Network of alliances

The San Francisco System (also known as the "Hub and Spokes" architecture) is a network of alliances pursued by the United States in the Asia-Pacific region, after the end of World War II – the United States as a "hub", and Japan, South Korea, Taiwan, the Philippines, Thailand, Australia, and New Zealand (and historically, also South Vietnam) as "spokes". The system is made of bilateral political-military and economic commitments between the United States and its Asia-Pacific allies. This system stands in contrast to a multilateral alliance, such as NATO.
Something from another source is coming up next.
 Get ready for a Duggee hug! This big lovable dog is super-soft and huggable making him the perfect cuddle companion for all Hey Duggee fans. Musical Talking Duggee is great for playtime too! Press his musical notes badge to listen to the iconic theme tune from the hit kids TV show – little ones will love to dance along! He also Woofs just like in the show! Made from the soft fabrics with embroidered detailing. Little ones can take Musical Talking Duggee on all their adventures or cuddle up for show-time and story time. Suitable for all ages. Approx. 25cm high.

Initially, the United States sought to establish a multilateral alliance among its allies in the Asia-Pacific region, but the American allies in the Asia-Pacific region were unwilling or ambivalent about entering into a multilateral alliance. As a consequence, the United States opted for the hub-and-spokes architecture, a set of bilateral alliances.

==History==
The hub-and-spokes system, with the United States as the "hub" and no apparent connections between the "spokes" allowed the United States to exert hegemonistic influence over the smaller allies of the Asia-Pacific region. The legacy of the system continues to today, represented by the absence of the multilateral security architecture in the region like NATO. Some argue that the reason why the hub-and-spoke network remains viable today is because its focus moved from regional concerns to those of the global such as the war on terror and issues dealing with weapons of mass destruction.

===Post Korean War===
Right after World War II, the United States was not interested in being involved in the Asia-Pacific region and was more concentrated in its role in Europe. However after the Korean War, the United States became more engaged in the Asia-Pacific region.
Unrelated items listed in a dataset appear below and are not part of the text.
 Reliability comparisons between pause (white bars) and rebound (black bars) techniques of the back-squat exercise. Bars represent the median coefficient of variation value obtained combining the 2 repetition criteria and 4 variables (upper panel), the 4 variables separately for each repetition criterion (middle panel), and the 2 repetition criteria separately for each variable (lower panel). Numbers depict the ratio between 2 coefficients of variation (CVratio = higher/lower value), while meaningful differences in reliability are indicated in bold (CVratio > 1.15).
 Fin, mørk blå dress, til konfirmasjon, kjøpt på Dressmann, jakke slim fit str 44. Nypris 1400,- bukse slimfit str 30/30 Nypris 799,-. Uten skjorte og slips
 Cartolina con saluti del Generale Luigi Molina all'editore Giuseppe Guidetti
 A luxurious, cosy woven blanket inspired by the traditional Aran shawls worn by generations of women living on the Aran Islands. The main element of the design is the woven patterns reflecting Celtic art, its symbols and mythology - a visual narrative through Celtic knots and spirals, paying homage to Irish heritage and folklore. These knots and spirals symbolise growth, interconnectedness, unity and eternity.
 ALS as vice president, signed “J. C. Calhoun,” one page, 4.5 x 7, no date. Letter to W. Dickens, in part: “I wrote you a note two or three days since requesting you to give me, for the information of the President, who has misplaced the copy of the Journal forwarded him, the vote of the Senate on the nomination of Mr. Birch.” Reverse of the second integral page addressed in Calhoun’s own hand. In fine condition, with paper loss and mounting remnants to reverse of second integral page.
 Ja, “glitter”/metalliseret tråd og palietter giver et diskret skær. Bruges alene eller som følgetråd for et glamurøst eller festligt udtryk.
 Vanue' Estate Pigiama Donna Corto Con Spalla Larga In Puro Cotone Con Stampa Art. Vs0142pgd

===Bilateral agreements of the 1950s===
As the Cold War escalated, the United States started building military alliances in the Asia-Pacific region. It moved to sign a Mutual Defense Treaty with the Philippines in August 1951. Thereafter, a series of defense treaties were signed: the Security Treaty with Australia and New Zealand in September 1951, the Mutual Defense Treaty with the South Korea in October 1953, the Mutual Defense Treaty with the Republic of China in December 1954, and the Security Treaty with Japan in January 1960. Thanat–Rusk communiqué between US and Thailand was agreed in March 1962, though not a mutual defense treaty. The hub-spokes systems was formed upon these treaties.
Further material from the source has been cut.